For distributions of discrete variables we use geom_bar. It makes the height of the bar proportional to the number of cases in each group and counts the number of cases at each x position. If we wanted to see how many traffic violations we have of each type could say:

ggplot(stops, aes(violation)) + 
  geom_bar()

We could color the bars, but instead of color we use fill. (What happens when you use color?)

ggplot(stops, aes(violation)) + 
  geom_bar(fill = "green")

Instead of coloring everything the same we could also color by another category, say gender. For this we have to set the parameter within the aes() function, which takes care of mapping the values to different colors:

ggplot(stops, aes(violation)) + 
  geom_bar(aes(fill = driver_gender))

If we wanted to see the proportions within each category we can tell ggplot to stretch the bars between 0 and 1, we can set the position parameter to ‘fill’:

ggplot(stops, aes(violation)) + 
  geom_bar(aes(fill = driver_gender), position = "fill")

Challenge

Make a barplot that shows for each race the proportion of stops for male and female drivers. How could you get rid of the NAs?
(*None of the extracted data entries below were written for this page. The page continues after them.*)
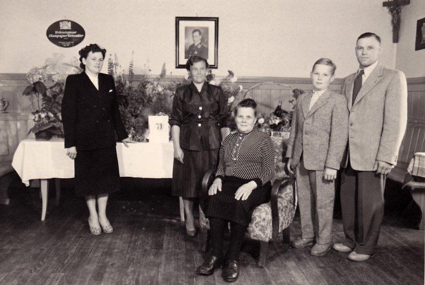 Unser Foto stammt aus dem Jahr 1956. Es wurde am 70. Geburtstag der „Rössleswirtin“ Anna Maier aufgenommen (siehe Bericht in BuG vom 29.6.1956). Das Foto zeigt von links: 1. Gertrud Liersch, 2. Frau Clementine Müller (von ihr ist überliefert: „Dui hot beim Fußball so laut gschriea, dass mr’s em ganza Dorf gwisst hat: des isch d’Clementine“. 3. Sitzend: Anna Maier, Rösslewirtin, 4. Enkel Klaus Maier. 5. Josef Maier, Sohn der Rössleswirtin. – An der Wand hängt ein Foto des am 10.5.1940 im 2. Weltkrieg gefallenen Sohns Max des Rössleswirts Max Maier (siehe Heimatbuch Seite 206).
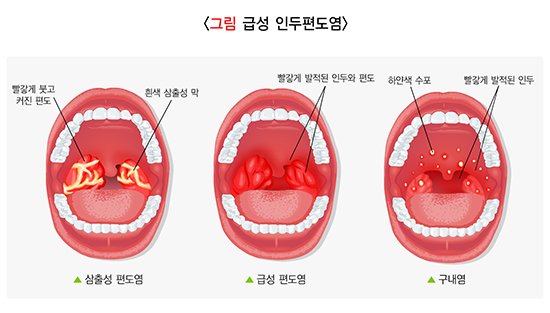 원인에 따라 크게 바이러스성과 세균성으로 나눕니다. 감기에 속하는 바이러스성 인두편도염은 항생제를 쓰지 않아도 대증요법으로 치료가 됩니다. 하지만 세균성 인두편도염(그룹 A 연쇄상구균이 가장 대표적)은 항생제 치료를 해야 빨리 호전되고, 합병증을 예방할 수 있습니다.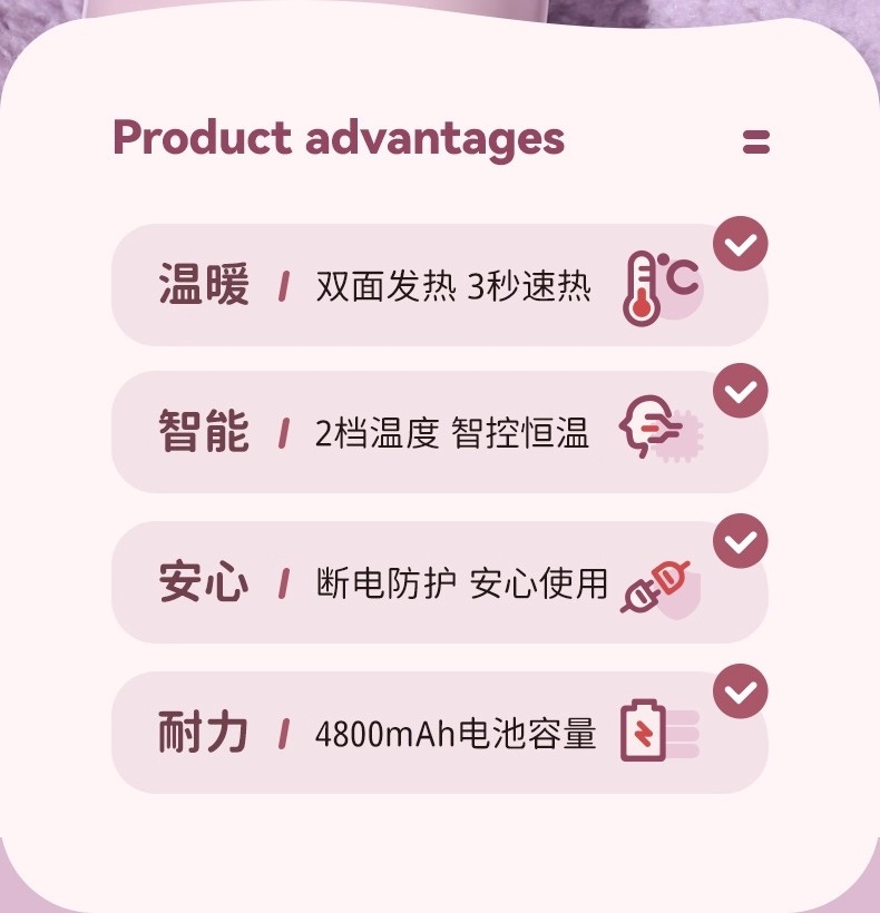双面发热,3秒速热;2档温度,智控恒温;断电防护,使用安全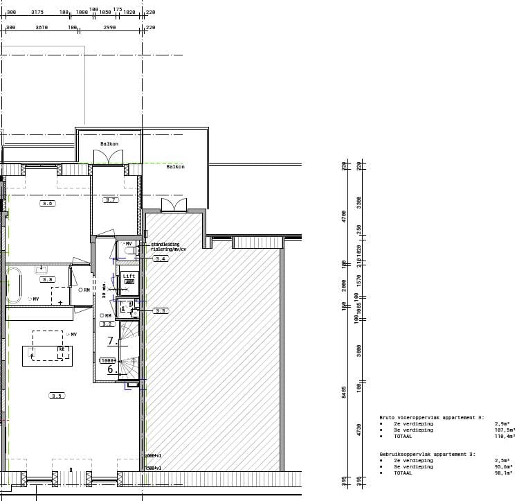 Derde verdieping ca. 98m2 met dakterras ca. 25m2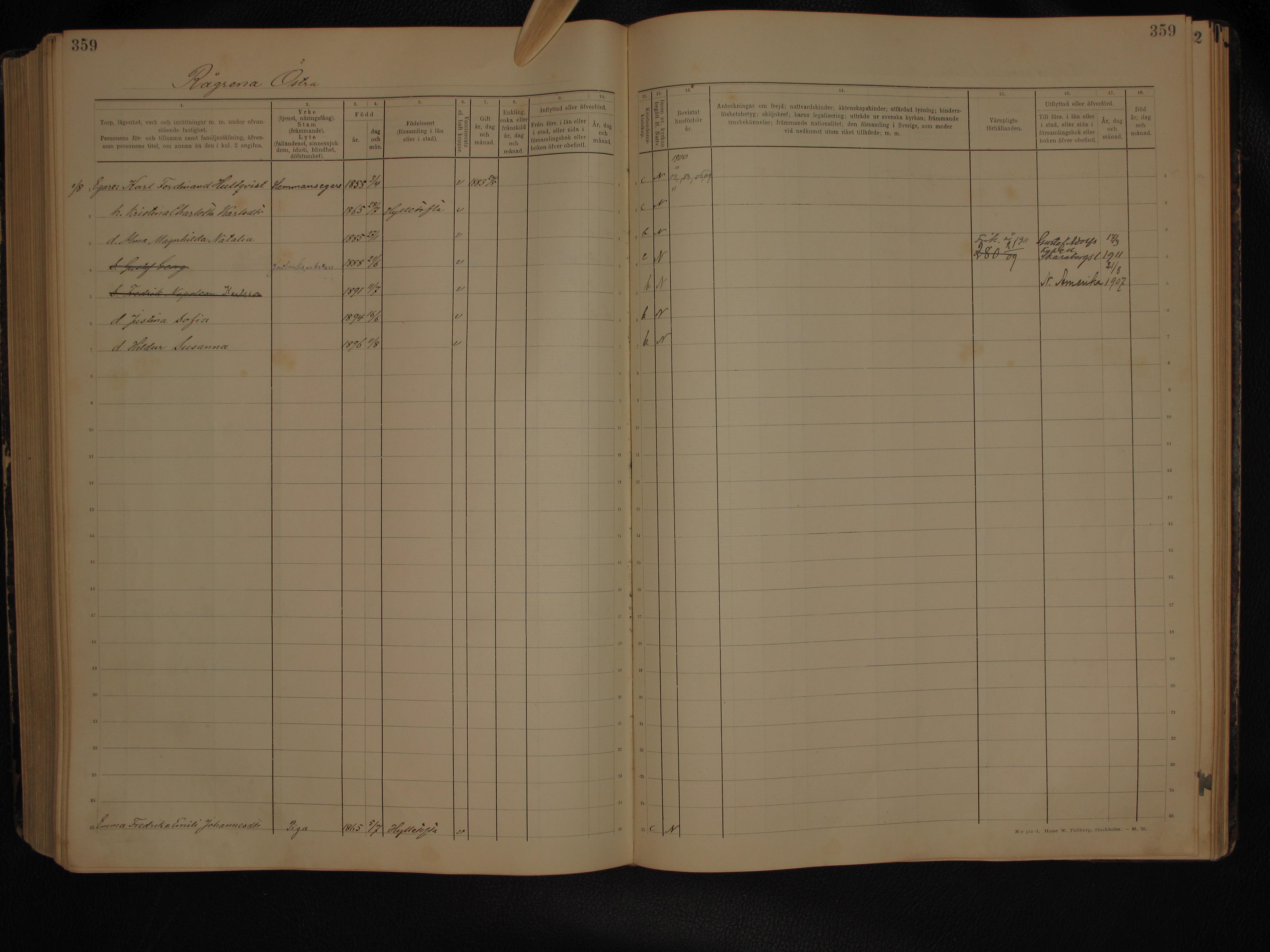 7864. “Sweden Household Examination Books,” Bringetofta AIIa 1, 1900 - 1912, Rågrena Östra, Bringetofta, Jönköpings, Småland, Sweden, 359.
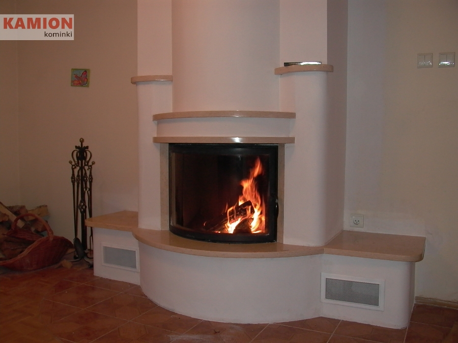 Kominek klasyczny nr.3 Wykonano w marmurze Giallo rena. Wkład firmy Spartherm

To map a numerical continuous variable we use geom_histogram.

Challenge

Plot a histogram that shows the distribution of drivers age. Bonus: Add a vertical line for the mean age of the driver. Hint: there is a geom for this!

1.5 Boxplot

For this segment let’s extract and work with the stops for Chickasaw County only.

library(dplyr)
Chickasaw_stops <- filter(stops, county_name == "Chickasaw County")

We can use boxplots to visualize the distribution of driver age within each violation:

ggplot(data = Chickasaw_stops, aes(x = violation, y = driver_age)) +
    geom_boxplot()

By adding points to boxplot, we can have a better idea of the number of measurements and of their distribution.

ggplot(data = Chickasaw_stops, aes(x = violation, y = driver_age)) +
    geom_boxplot() +
    geom_jitter()

That looks quite messy. Let’s clean it up by using the alpha parameter to make the dots more transparent and also change their color:

ggplot(data = Chickasaw_stops, aes(x = violation, y = driver_age)) +
    geom_boxplot() +
    geom_jitter(alpha = 0.5, color = "tomato")

Notice how the boxplot layer is behind the jitter layer. We will change the plotting order to keep the boxplot visible.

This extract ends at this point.